- REQUIRED WORK:
Below are entries; repeat exactly, and nothing else, the lines from the one holding "网友给Angelababy和张嘉倪的微博帐号发私信也发不出去了" through the one holding "Duit; Utrecht Stad", inclusive. Leave the pictures out.

- INFORMATION PROVIDED:

◇ ◇ ◇

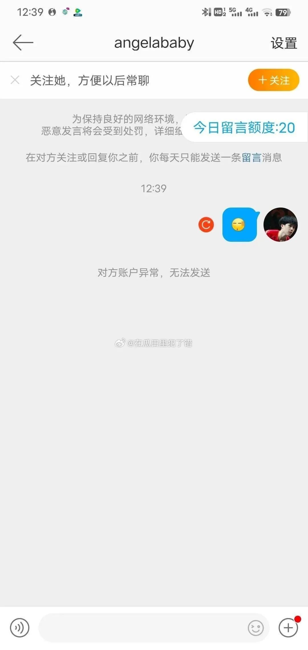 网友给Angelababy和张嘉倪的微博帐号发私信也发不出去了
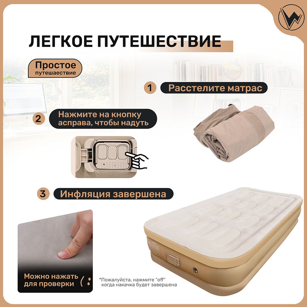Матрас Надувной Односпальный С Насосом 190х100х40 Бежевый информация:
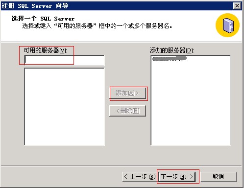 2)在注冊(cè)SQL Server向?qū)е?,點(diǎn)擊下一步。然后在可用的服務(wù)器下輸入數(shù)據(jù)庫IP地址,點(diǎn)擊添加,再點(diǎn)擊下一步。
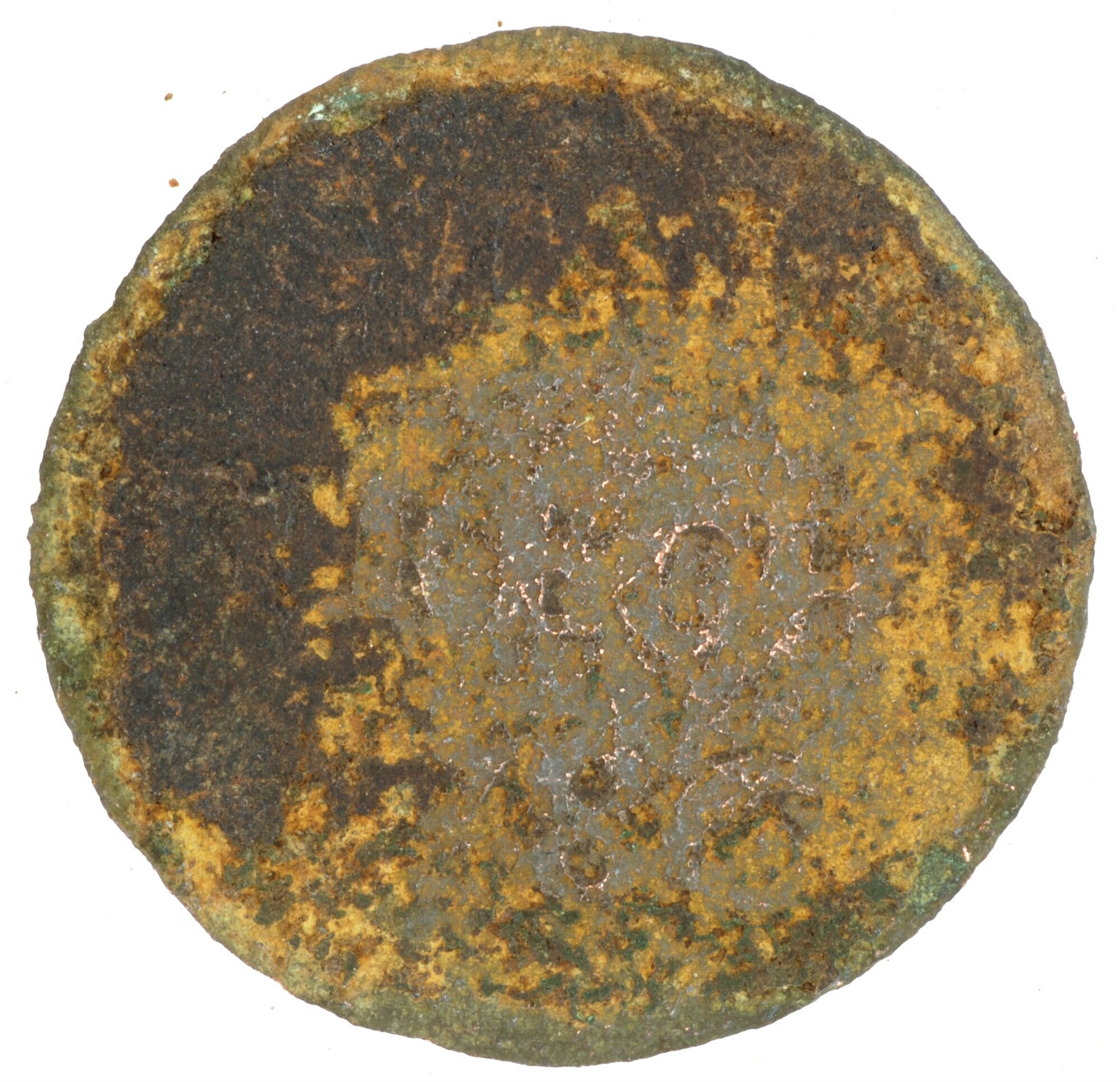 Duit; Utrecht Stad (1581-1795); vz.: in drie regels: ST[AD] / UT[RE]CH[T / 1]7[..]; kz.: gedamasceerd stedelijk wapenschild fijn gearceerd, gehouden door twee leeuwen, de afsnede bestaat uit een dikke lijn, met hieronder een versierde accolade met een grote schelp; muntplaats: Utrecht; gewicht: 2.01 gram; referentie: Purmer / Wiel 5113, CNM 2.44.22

◇ ◇ ◇

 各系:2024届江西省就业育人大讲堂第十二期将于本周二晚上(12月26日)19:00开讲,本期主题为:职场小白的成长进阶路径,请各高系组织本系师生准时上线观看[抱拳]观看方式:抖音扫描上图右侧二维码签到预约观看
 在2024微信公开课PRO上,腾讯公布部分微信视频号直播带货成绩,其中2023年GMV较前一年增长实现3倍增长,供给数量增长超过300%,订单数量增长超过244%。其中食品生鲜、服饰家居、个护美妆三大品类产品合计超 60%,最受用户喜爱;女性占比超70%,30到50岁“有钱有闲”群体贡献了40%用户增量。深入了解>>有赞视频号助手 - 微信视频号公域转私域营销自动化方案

◇ ◇ ◇

- OUTPUT BELOW:
 网友给Angelababy和张嘉倪的微博帐号发私信也发不出去了
Матрас Надувной Односпальный С Насосом 190х100х40 Бежевый информация:
 2)在注冊(cè)SQL Server向?qū)е?,點(diǎn)擊下一步。然后在可用的服務(wù)器下輸入數(shù)據(jù)庫IP地址,點(diǎn)擊添加,再點(diǎn)擊下一步。
 Duit; Utrecht Stad (1581-1795); vz.: in drie regels: ST[AD] / UT[RE]CH[T / 1]7[..]; kz.: gedamasceerd stedelijk wapenschild fijn gearceerd, gehouden door twee leeuwen, de afsnede bestaat uit een dikke lijn, met hieronder een versierde accolade met een grote schelp; muntplaats: Utrecht; gewicht: 2.01 gram; referentie: Purmer / Wiel 5113, CNM 2.44.22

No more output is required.